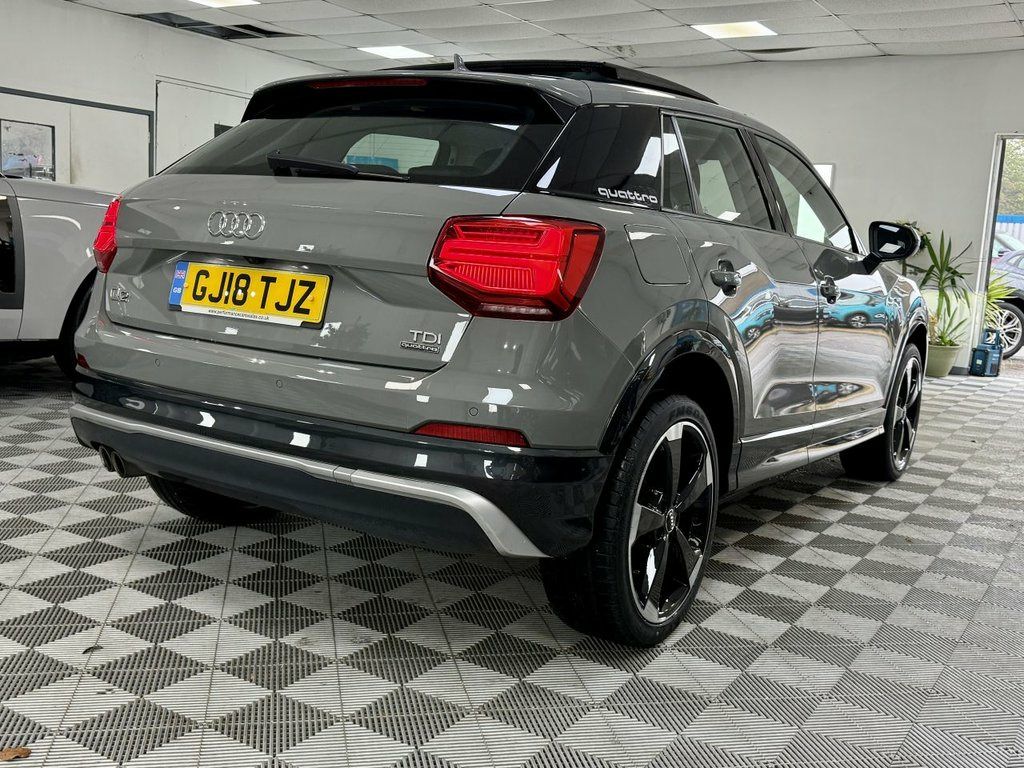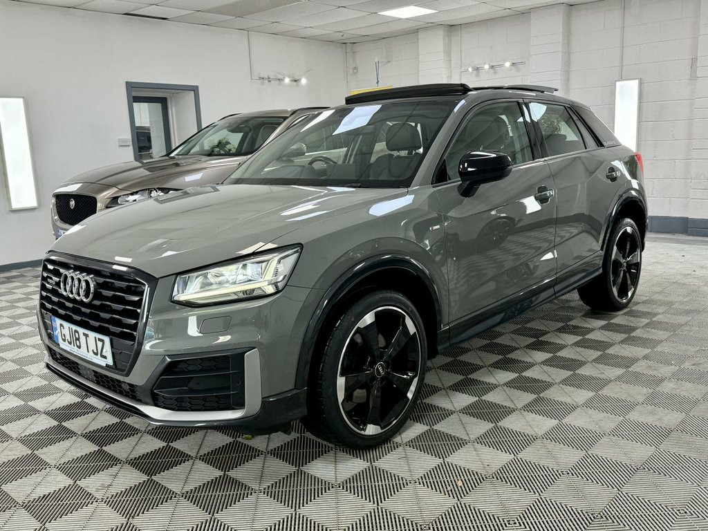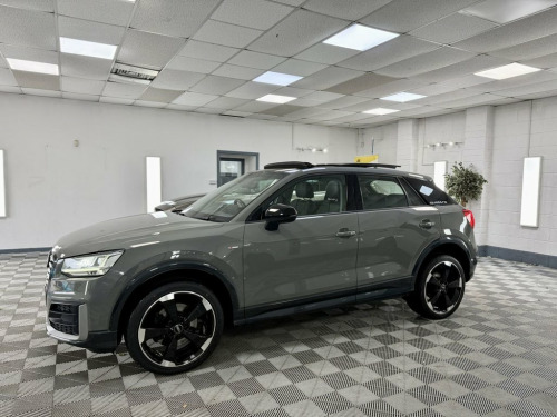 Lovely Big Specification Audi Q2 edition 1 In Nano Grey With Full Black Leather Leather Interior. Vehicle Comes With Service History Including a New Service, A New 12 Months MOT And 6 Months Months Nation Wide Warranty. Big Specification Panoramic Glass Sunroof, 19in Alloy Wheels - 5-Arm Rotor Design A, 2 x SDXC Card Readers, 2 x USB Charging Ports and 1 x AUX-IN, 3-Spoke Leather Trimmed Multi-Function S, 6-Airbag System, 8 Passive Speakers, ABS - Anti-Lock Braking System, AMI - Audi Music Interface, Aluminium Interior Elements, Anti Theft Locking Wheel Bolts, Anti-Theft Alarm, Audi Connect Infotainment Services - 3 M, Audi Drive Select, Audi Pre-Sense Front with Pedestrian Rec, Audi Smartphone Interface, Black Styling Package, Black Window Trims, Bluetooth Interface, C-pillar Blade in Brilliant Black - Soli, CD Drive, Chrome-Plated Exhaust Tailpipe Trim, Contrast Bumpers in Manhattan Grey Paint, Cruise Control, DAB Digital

---

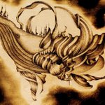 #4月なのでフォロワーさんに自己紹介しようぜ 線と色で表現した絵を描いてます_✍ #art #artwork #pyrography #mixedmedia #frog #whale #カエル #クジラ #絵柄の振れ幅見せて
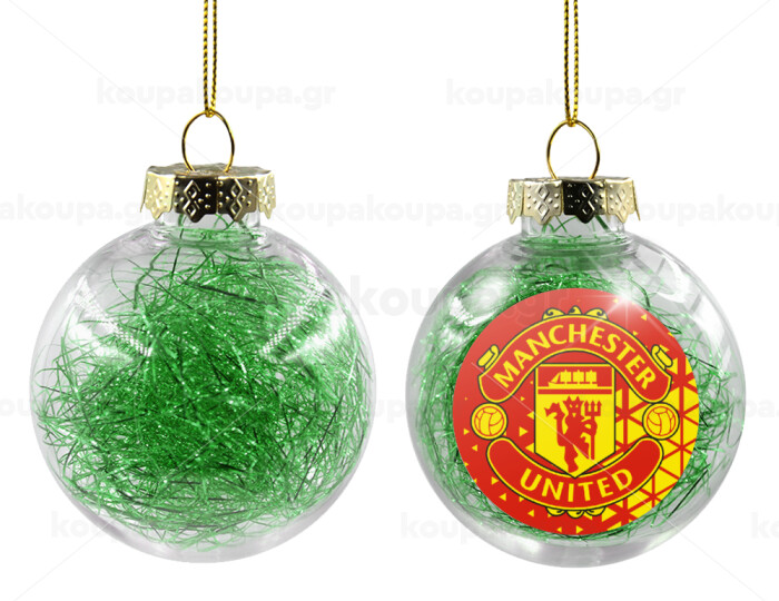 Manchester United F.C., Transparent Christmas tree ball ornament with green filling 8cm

# Problem
Using the records above, repeat exactly the run of lines that starts with the line with "#4月なのでフォロワーさんに自己紹介しようぜ 線と色で表現した絵を描いてます_✍ #art" and goes on through the line with "Manchester United F.C., Transparent"; omit each picture.

# Response below
 #4月なのでフォロワーさんに自己紹介しようぜ 線と色で表現した絵を描いてます_✍ #art #artwork #pyrography #mixedmedia #frog #whale #カエル #クジラ #絵柄の振れ幅見せて
 Manchester United F.C., Transparent Christmas tree ball ornament with green filling 8cm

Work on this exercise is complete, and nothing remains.